Outboard Marine Corporation (OMC) acquired Johnson Motors in 1935, and three decades later OMC became the first large, well-established corporation to enter the fast-growing snowmobile business. The company’s new model year 1965 Johnson sleds carried the “Skee-Horse” name – an adaptation of its popular Sea-Horse brand of outboard motors that dated back to 1929.
The corporation actually marketed the exact same snowmobiles in different color schemes under multiple brand names, with Evinrude joining Johnson in the U.S., while all sleds sold in Canada carried the OMC Snow Cruiser name.
In the 1960s, OMC was a leader in snowmobile development with engineering advances like the first use of reed valve induction (the company called them “leaf valves”) and early adoption of keyed ignition switches as an anti-theft measure.
With excellent brand name recognition, wide distribution and reputation for quality, OMC was among the top-10 sled manufacturers at the start of the 1970s. Its products were an interesting amalgam of increasingly obsolete features combined with ideas that paved the way for the future of snowmobiling. An examination of the top-of-the-line 1972 Johnson model 202RS Skee-Horse 30 illustrates this well.
Skee-Horse Innovation and Stagnancy In One
The 1971 Skee-Horse 30 had dropped the stodgy styling of earlier Skee-Horse models for a much sleeker modern profile that made many competitors, as well as Johnson’s less expensive models, look like warty old toads by comparison.
For 1972 the Skee-Horse 30 was updated by elimination of the leg-breaker tunnel stirrups, use of a new CD ignition and the landmark introduction of the industry’s first very high ratio (50:1) oil mix on its proprietary 437cc OMC twin-cylinder engine. Visually, the seat and ski color changed from bright orange to more functional black.
In addition to the reed valves in the engine, this impressive machine was loaded with features that were unknown on most competitive models of the day, but would become pretty much standard equipment on snowmobiles of the future; the list starts with the immense convenience of reverse gear. Back in the 1960s, Snow Goer magazine’s founder, Joyce “Snow Goer Suzie” Scholwin, commented, “I always liked the Johnson with reverse. It was great for women and kids, but they never made it a selling point.”
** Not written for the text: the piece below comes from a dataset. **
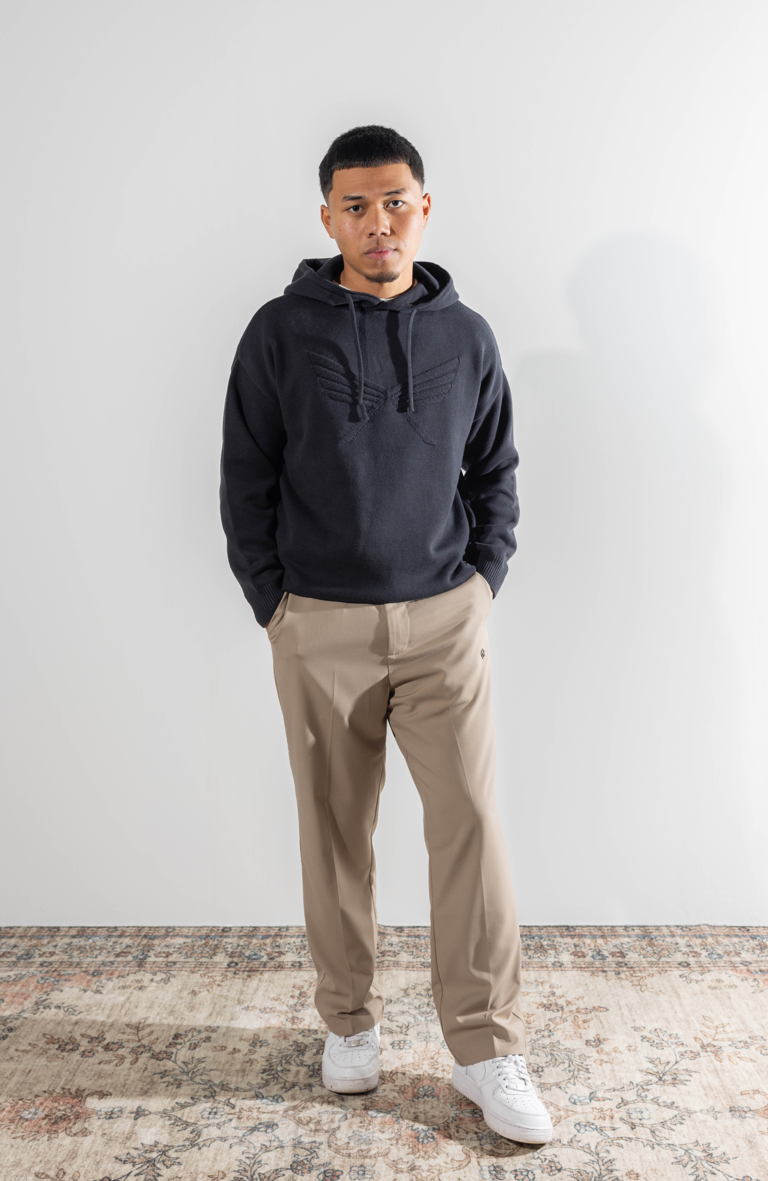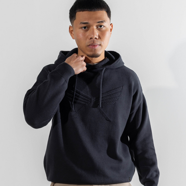 Culture Origins - Embossed Knitted Hoodie | Off Black

And there was much more. For instance, the 1972 Skee-Horse 30 had an electric gas gauge when some competitive sleds still used a graduated stick, or had no gas gauge at all. Unlike most competitive sleds, the big Johnson also had a fully enclosed engine compartment for noise reduction and rider safety, plus a handlebar pad and a parking brake. Electric start was standard on the model 202RS, although the Skee-Horse 30 could also be purchased in a less expensive but otherwise identical manual start version.
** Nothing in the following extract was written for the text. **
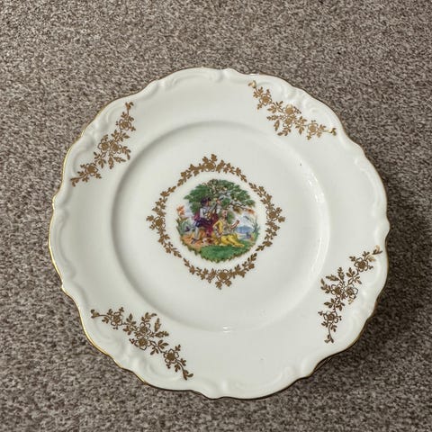 Djupa vintage tallrikar med blommönster porslin vit/rosa

Unfortunately, the underpinnings of this machine were firmly stuck in the past. The steel chassis was heavy and subject to rust, so this construction was beginning to disappear from the industry. Bogie wheel suspension was already obsolete, and the lack of ski shocks – even as an option – was also another ride quality negative.
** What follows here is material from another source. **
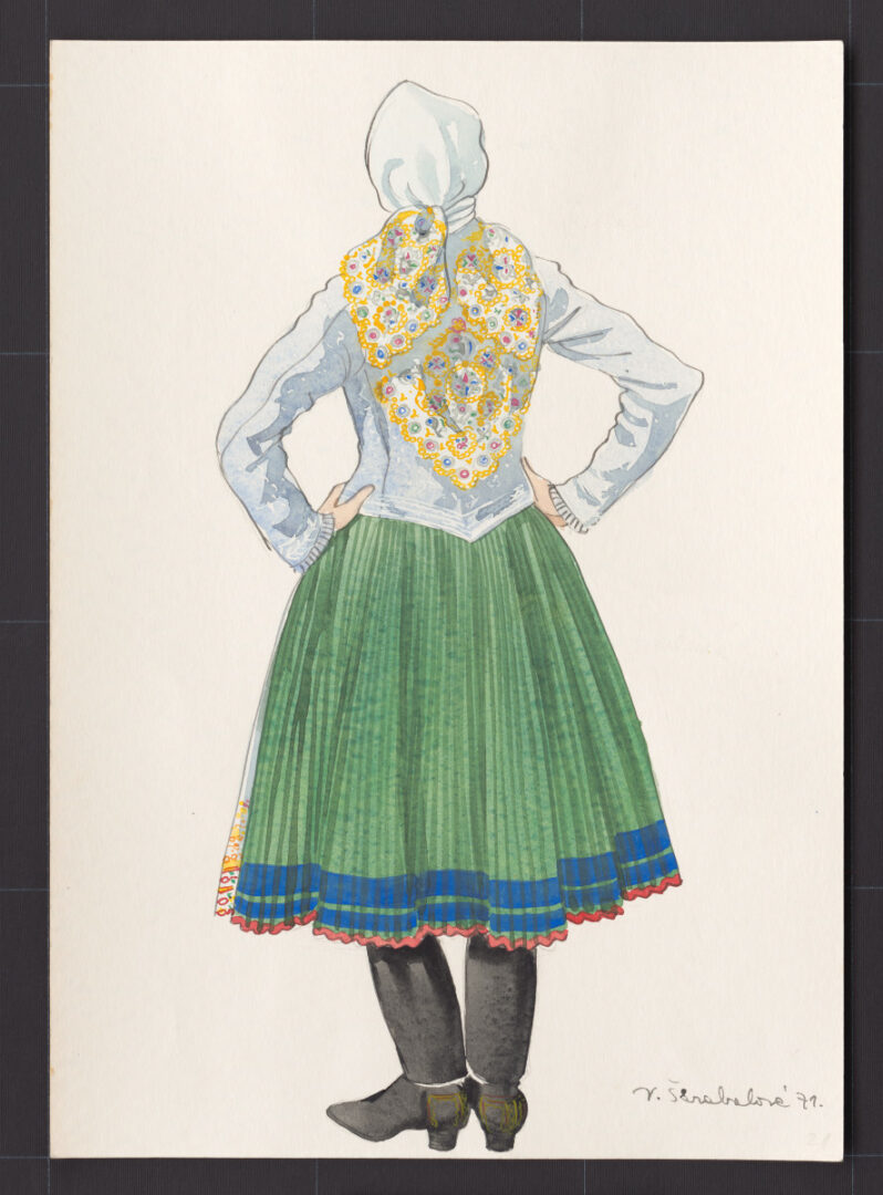 Viera Škrabalová-Líčeníková bola výraznou slovenskou textilnou výtvarníčkou so širokým záberom tvorivých činností. V rámci pôsobenia v ÚĽUV-e sa Viera Škrabalová-Líčeníková venovala aj odevnej návrhárskej tvorbe. Kresbové návrhy módneho oblečenia nesú v sebe výzdobné prvky ľudového odevu ako sú výšivka alebo čipka, inšpiráciou bolo tiež tvarové riešenie ľudových odevných súčiastok. Kresby dokumentujú situáciu 50-tych rokov 20. storočia, kedy ÚĽUV úzko spolupracoval s vyšívačskými, čipkárskymi či modrotlačovými výrobnými družstvami. Touto spoluprácou medzi družstvami a návrhovými dielňami vzniklo niekoľko hodnotných modelov, ktoré prešli aj do bežnej výroby.

The machine also used a polyurethane track that performed poorly on ice and would go the way of the Dodo bird sooner than later. In favor of lighter and narrower tracks that worked as well or better on the blossoming North American trail system, the snowmobiling public would also gradually spurn its 20-inch track width.
Still, Snow Goer test riders liked the overall product, saying, “For a big machine, it’s surprisingly easy to handle,” after the spring new model tests in Utah. “It maneuvers well, steers well, turns easy and is stable. What more can you ask for? The Skee-Horse is a family Cadillac,” the review surmised.
Change In The Winter Wind
The snowmobile market was changing fast in the early 1970s. One of the biggest changes for OMC was a marketing move to build on its more established brand names, while also reducing expenses. For 1972, the Snow Cruiser brand was discontinued north of the border, and both Johnson and Evinrude sleds were sold in Canada for the first time.
But OMC was ignoring the sport’s ongoing metamorphosis away from big family sleds like the Skee-Horse 30, and toward better performing personal sleds as well as the accelerating trends toward the lighter weight aluminum chassis and better riding slide rail suspensions. OMC concentrated its research and development efforts on reducing noise emissions and perfecting Wankel engines for snowmobiling, neither of which ultimately provided any market advantage for the company. The new sports models – the Johnson JX and Evinrude Skimmer – were too little and too late; its market share slipped badly, and the company abandoned snowmobiling a couple of years after the industry sales collapse following the 1973 oil embargo.
The Johnson and Evinrude snowmobile brands stuck around until model year 1976. The OMC corportation lasted until 2000, and its outboard engine division was purchased by BRP.
Despite building the Skee-Horse 30, which foreshadowed the future of snowmobiling engineering in many ways, OMC stubbornly clung to too many obsolete ideas, and the decisions inevitably pulled them right out of the snowmobile business.